The collection $\{B_{l}A_{k}: B_{l}A_{k} \in L(\mathcal{X},\mathcal{Z})\}_{kl}$ forms a valid set of Kraus operators representing $\Phi$. However, these might not be linearily independent, which means that we cannot invoke the above criterium for extremal channels. One could take only a spanning but linearily independent subset and invoke the criterium, but I am not sure if this is a properly justified step. Even more so, such a set $\{A^{\dagger}_{k'}B^{\dagger}_{l'}B_{l}A_{k}\}_{(kl),(k'l')}$ is not necessarily linearily independent, I believe.

Answer 1

No, composition of two extremal channels may fail to be extremal.

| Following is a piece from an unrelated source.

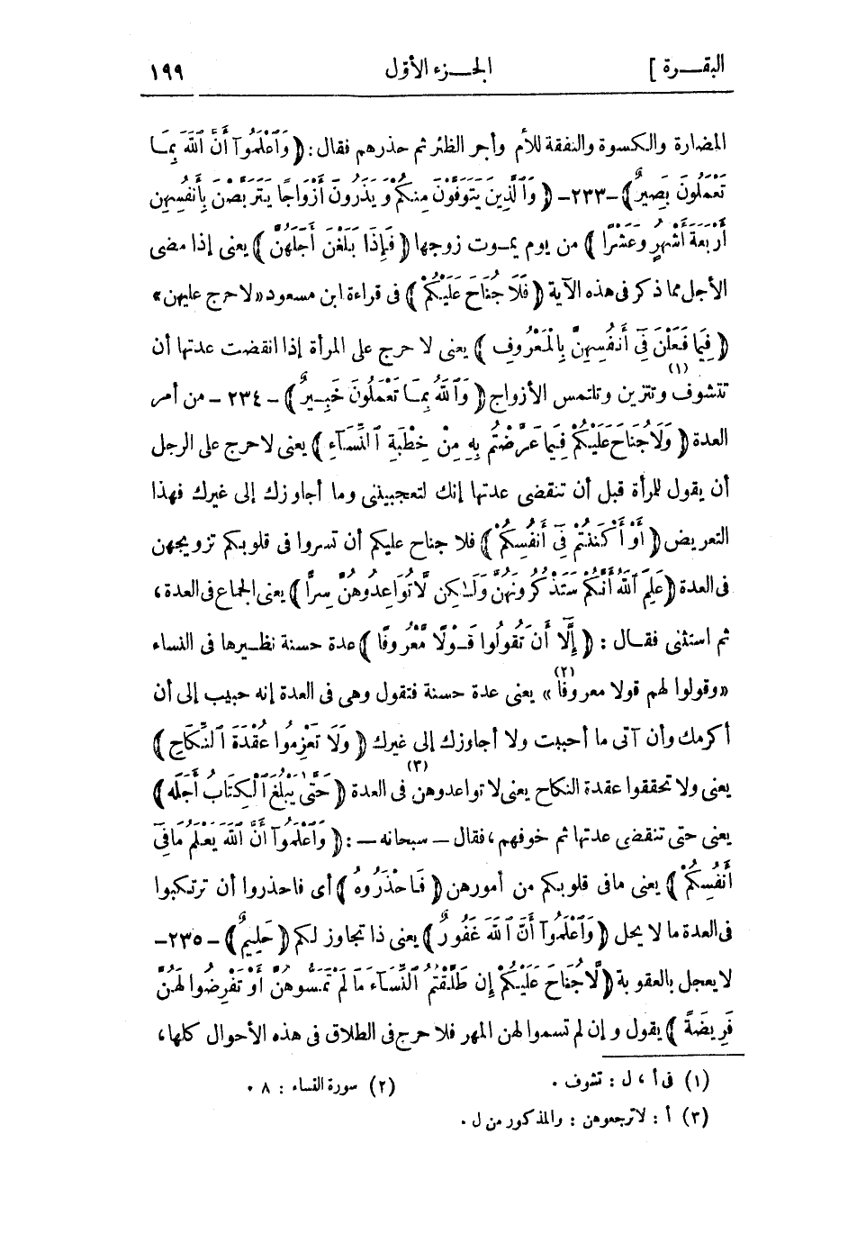 المضارة والكسوة والنفقة للأم وأجر الظئر ثُمّ حذرهم فَقَالَ: وَاعْلَمُوا أَنَّ اللَّهَ بِما تَعْمَلُونَ بَصِيرٌ- 233- وَالَّذِينَ يُتَوَفَّوْنَ مِنْكُمْ وَيَذَرُونَ أَزْواجاً يَتَرَبَّصْنَ بِأَنْفُسِهِنَّ أَرْبَعَةَ أَشْهُرٍ وَعَشْراً من يوم يموت زوجها فَإِذا بَلَغْنَ أَجَلَهُنَّ يعني إذا مضى الأجل مما ذكر فِي هَذِهِ الآية فَلا جُناحَ عَلَيْكُمْ فِي قراءة ابْن مَسْعُود «لا حرج عليهن» فِيما فَعَلْنَ فِي أَنْفُسِهِنَّ بِالْمَعْرُوفِ يعني لا حرج عَلَى المرأة إذا انقضت عدتها أن تتشوف «1» وتتزين وتلتمس الأزواج وَاللَّهُ بِما تَعْمَلُونَ خَبِيرٌ- 234- من أمر العدة وَلا جُناحَ عَلَيْكُمْ فِيما عَرَّضْتُمْ بِهِ مِنْ خِطْبَةِ النِّساءِ يعني لا حرج عَلَى الرَّجُل أن يَقُولُ للمرأة قبل أن تنقضي عدتها إنك لتعجبينني وما أجاوزك إلى غيرك فهذا التعريض أَوْ أَكْنَنْتُمْ فِي أَنْفُسِكُمْ فلا جناح عليكم أن تسروا فِي قلوبكم تزويجهن فِي العدة عَلِمَ اللَّهُ أَنَّكُمْ سَتَذْكُرُونَهُنَّ وَلكِنْ لا تُواعِدُوهُنَّ سِرًّا يعني الجماع في العدة ثم استثنى فقال: إِلَّا أَنْ تَقُولُوا قَوْلًا مَعْرُوفاً عدة حسنة نظيرها فِي النّساء وَقُولُوا لَهُمْ قَوْلًا مَعْرُوفاً «2» يعني عدة حسنة فتقول وهي فِي العدة إنَّه حبيب إليّ أن أكرمك وأن آتي ما أحببت وَلا أجاوزك إلى غيرك وَلا تَعْزِمُوا عُقْدَةَ النِّكاحِ يعني وَلا تحققوا عقدة النكاح يعني لا تواعدوهن «3» فِي العدة حَتَّى يَبْلُغَ الْكِتابُ أَجَلَهُ يعني حَتَّى تنقضي عدتها ثُمّ خوفهم، فَقَالَ- سُبْحَانَهُ-: وَاعْلَمُوا أَنَّ اللَّهَ يَعْلَمُ مَا فِي أَنْفُسِكُمْ يعني ما فِي قلوبكم من أمورهن فَاحْذَرُوهُ أي فاحذروا أن ترتكبوا فِي العدة ما لا يحل وَاعْلَمُوا أَنَّ اللَّهَ غَفُورٌ يعني ذا تجاوز لَكُمْ حَلِيمٌ- 235- لا يعجل بالعقوبة لا جُناحَ عَلَيْكُمْ إِنْ طَلَّقْتُمُ النِّساءَ مَا لَمْ تَمَسُّوهُنَّ أَوْ تَفْرِضُوا لَهُنَّ فَرِيضَةً يَقُولُ وإن لَمْ تسموا لهن المهر فلا حرج فِي الطلاق فِي هَذِهِ الأحوال كلها،

Below, we construct a counterexample from an amplitude damping channel and an amplitude raising channel. The idea is to first apply the amplitude damping channel $\mathcal{E}$ which maps the entire Bloch sphere to $|0\rangle\langle 0|$ and then apply amplitude raising channel $\mathcal{F}$ that maps $|0\rangle\langle 0|$ to the maximally mixed state. The resulting channel is the completely depolarizing channel which is mixed-unitary and hence not extremal.

Amplitude damping channel

Define $\mathcal{E}:L(\mathcal{C}^2)\to L(\mathbb{C}^2)$ by $\mathcal{E}(\rho) = E_0\rho E_0^\dagger+E_1\rho E_1^\dagger$ where

$$ E_0=\begin{bmatrix}1&0\\0&0\end{bmatrix},\quad E_1=\begin{bmatrix}0&1\\0&0\end{bmatrix} $$

are linearly independent Kraus operators for $\mathcal{E}$ and

$$ E_0^\dagger E_0=\begin{bmatrix}1&0\\0&0\end{bmatrix}\quad E_0^\dagger E_1=\begin{bmatrix}0&1\\0&0\end{bmatrix}\\ E_1^\dagger E_0=\begin{bmatrix}0&0\\1&0\end{bmatrix}\quad E_1^\dagger E_1=\begin{bmatrix}0&0\\0&1\end{bmatrix} $$

so $\{E_0^\dagger E_0, E_0^\dagger E_1, E_1^\dagger E_0, E_1^\dagger E_1\}$ is also linearly independent and therefore $\mathcal{E}$ is extremal. Moreover, $\mathcal{E}(\rho)=|0\rangle\langle 0|$ for all states $\rho$.

Amplitude raising channel

Next, define $\mathcal{F}:L(\mathcal{C}^2)\to L(\mathbb{C}^2)$ by $\mathcal{F}(\rho) = F_0\rho F_0^\dagger+F_1\rho F_1^\dagger$ where

$$ F_0=\begin{bmatrix}\frac{1}{\sqrt{2}}&0\\0&1\end{bmatrix},\quad F_1=\begin{bmatrix}0&0\\\frac{1}{\sqrt{2}}&0\end{bmatrix} $$

are linearly independent Kraus operators for $\mathcal{F}$ and

$$ F_0^\dagger F_0=\begin{bmatrix}\frac12&0\\0&1\end{bmatrix}\quad F_0^\dagger F_1=\begin{bmatrix}0&0\\\frac{1}{\sqrt{2}}&0\end{bmatrix}\\ F_1^\dagger F_0=\begin{bmatrix}0&\frac{1}{\sqrt{2}}\\0&0\end{bmatrix}\quad F_1^\dagger F_1=\begin{bmatrix}\frac12&0\\0&0\end{bmatrix} $$

so $\{F_0^\dagger F_0, F_0^\dagger F_1, F_1^\dagger F_0, F_1^\dagger F_1\}$ is also linearly independent and therefore $\mathcal{F}$ is extremal.

Depolarizing channel

Now, let $\mathcal{G}:=\mathcal{F}\circ\mathcal{E}$. Since $\mathcal{E}$ is constant, $\mathcal{G}$ is constant and

$$ \mathcal{G}(\rho) = \mathcal{F}(|0\rangle\langle 0|) = \frac{I}{2}. $$

In other words, $\mathcal{G}$ is the completely depolarizing channel which has the following Kraus representation

$$ \mathcal{G}(\rho)=\frac14\rho + \frac14 X\rho X + \frac14 Y\rho Y + \frac14 Z\rho Z $$

(see e.g. exercise $8.17$ on page $379$ in Nielsen & Chuang). Thus, depolarizing channel is mixed-unitary and therefore not extremal.